FDA’s Guidance on Out-of-Specification Results has been seen as the state of the art regarding the handling of OOS results. In the meantime, Europe – through the British MHRA and the German ZLG – has also developed requirements on that topic. Read more here about the most important regulations of the respective guidance documents.

 

GMP News: Handling of OOS Results in Europe

http://www.gmp-compliance.org/enews_4461_Handling-of-OOS-Results-in-Europe_8360,8430,Z-QCM_n.html

For some time now, information about the handling of OOS results has been put on the website of the MHRA. There, you can find a Guidance document entitled “Out of Specification Investigations”. This document was updated last year to add microbiological aspects.

It is easier to understand than the FDA Guideline on the same topic. The different Flow Charts are also helpful.

A definition of all terms – both Out-of-Specification (OOS) Results and Out of Trend (OOT) Results – is provided at the beginning as well as atypical / aberrant / anomalous results. A definition of the term “Reportable Result” is also provided as follows: “is the final analytical result. This result is appropriately defined in the written approved test method and derived from one full execution of that method, starting from the original sample.”

Regarding averaging, it is explicitly said that it “must be specified by the test method”. Moreover, the 95% Confidence Limit must be taken into consideration when averaging is used.

Retesting may be performed if no assignable cause can be found to explain a deviating result. Retesting should be performed on the original sample not on a different sample. Regarding the number of retests required, the MHRA refers to other publications suggesting 5, 7 or 9 retests.
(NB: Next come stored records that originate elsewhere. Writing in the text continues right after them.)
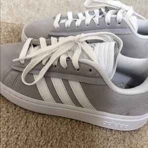 Sleek Adidas Cloudfoam comfort shoes in gray with white accents. Ideal for everyday style.
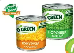 Горошек зеленый/кукуруза сладкая O' Green, 400 г/425 мл
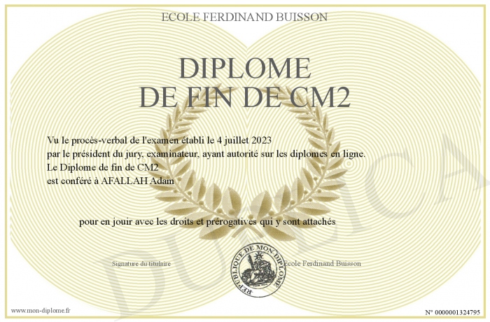 Envoyez par email votre Diplôme de fin de CM2 personalisé

Retest results shouldn’t be averaged with the original results which triggered the OOS investigation.

Like in the FDA Guidance, an outlier test solely can’t be considered as sufficient to justify the rejection of data.

Also the aspect of OOS and OOT results for stability testing is addressed.

For quite a long time, Germany has been using the ZLG Aide Mémoire (Zentralstelle der Länder für Gesundheitsschutz bei Arzneimitteln und Medizinprodukten) on the monitoring of manufacturers of medicinal products; section 6.8 also addresses the handling of OOS results. With regard to retesting, the Aide Mémoire defines that the number of retests should be set in advance in an SOP based on sound scientific judgement and should be statistically valid.

The ZLG Aide Mémoire also states that averaging is allowed: the average value must correspond to the specification, but single results must not. However, it is a condition that acceptance criteria should be defined for the variability of the single values and that these provisions are described in an SOP.

You can find more information in the MHRA Guidance Document Out-of-Specification Investigations here as well as in the ZLG Aide Mémoire on the monitoring of manufacturers of medicinal products.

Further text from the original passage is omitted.